About twenty minutes in, just when their DNA story began to cause its first few emotional tears (we were warned to have tissue nearby and they were right!), for the second time in webinar history – the webinar went poof! The dreaded "the webinar has ended" message appeared on my screen. My first thought was, "oh no – there's no restarting a live webinar after receiving that message." As fast as I could, I logged back in to my GoToWebinar admin account, surprisingly noticed that this webinar was still in the list (hurray for that!), and I quickly clicked the Start button. Slowly but surely, the first panelist was back online, then the second, then the hundreds of live webinar viewers started to return. Oh good, this was going to work out. I thanked everyone for their patience and the webinar proceeded as expected, and turned out to be one of my personal all-time favorites. But what happened?
Here's where I won't expose the entire truth. It wasn't one of the presenters, but one of us (ah hem…) on the admin side of things (it wasn't Marian either…) clicked the small X in the upper right of their control panel. Clicking the X is what one does to leave a live webinar. But when you're in the admin area of a live webinar, and you click the X, it means something different. As in, it will close the webinar for everyone. Oops.
It all worked out, and the live webinar resumed. Lots more emotional tears were shed as we viewed the DNA-related family reunions. But now we have months of good material to use to tease our colleague. He'll (oops, I just "accidentally" revealed his gender) probably have a phobia now of clicking the X button in any software.

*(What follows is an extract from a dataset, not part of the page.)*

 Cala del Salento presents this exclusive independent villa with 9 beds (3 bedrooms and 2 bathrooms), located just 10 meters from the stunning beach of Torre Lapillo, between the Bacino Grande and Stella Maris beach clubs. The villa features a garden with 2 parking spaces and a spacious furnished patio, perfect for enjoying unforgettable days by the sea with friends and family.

If I hadn't written this article, this history would have been erased because the recording of the webinar turned out perfectly. Really – you'd never know anything went amiss.
After a live webinar concludes, I begin the work of encoding, importing, editing, marking, producing, and publishing the recorded version of the webinar. Below is a portion of what my video editing software looks like. You are seeing the timeline of the recording of a recent webinar. Notice there are two tracks. Track one is where the actual video resides. If you look carefully, you'll notice that I added a couple of zoom elements and one transition element in this track. Track two displays the waves of the audio. It looks like my voice was a little louder at the very beginning and at the very end – but those are both things that I can easily even out before publishing. The timeline for a normal webinar looks just like this one, nice and clean.

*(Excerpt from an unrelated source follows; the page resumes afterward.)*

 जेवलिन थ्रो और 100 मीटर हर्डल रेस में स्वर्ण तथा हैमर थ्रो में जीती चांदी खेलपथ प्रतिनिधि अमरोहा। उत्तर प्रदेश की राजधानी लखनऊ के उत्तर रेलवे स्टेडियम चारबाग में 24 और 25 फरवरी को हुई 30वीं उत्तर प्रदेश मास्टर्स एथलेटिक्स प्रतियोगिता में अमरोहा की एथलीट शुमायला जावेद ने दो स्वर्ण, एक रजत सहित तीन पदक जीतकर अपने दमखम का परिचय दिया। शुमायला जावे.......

Now take a look at the timeline in my editor for yesterday's webinar. Tracks one and two look great. And then the twenty minute mark hit. While I was able to successfully restart the live webinar and all went well, the recording of the live webinar did not go as smoothly. What you see in tracks three, four and five are pieces of video, audio and graphics that I had to splice in from various pieces of technology that I use in the background.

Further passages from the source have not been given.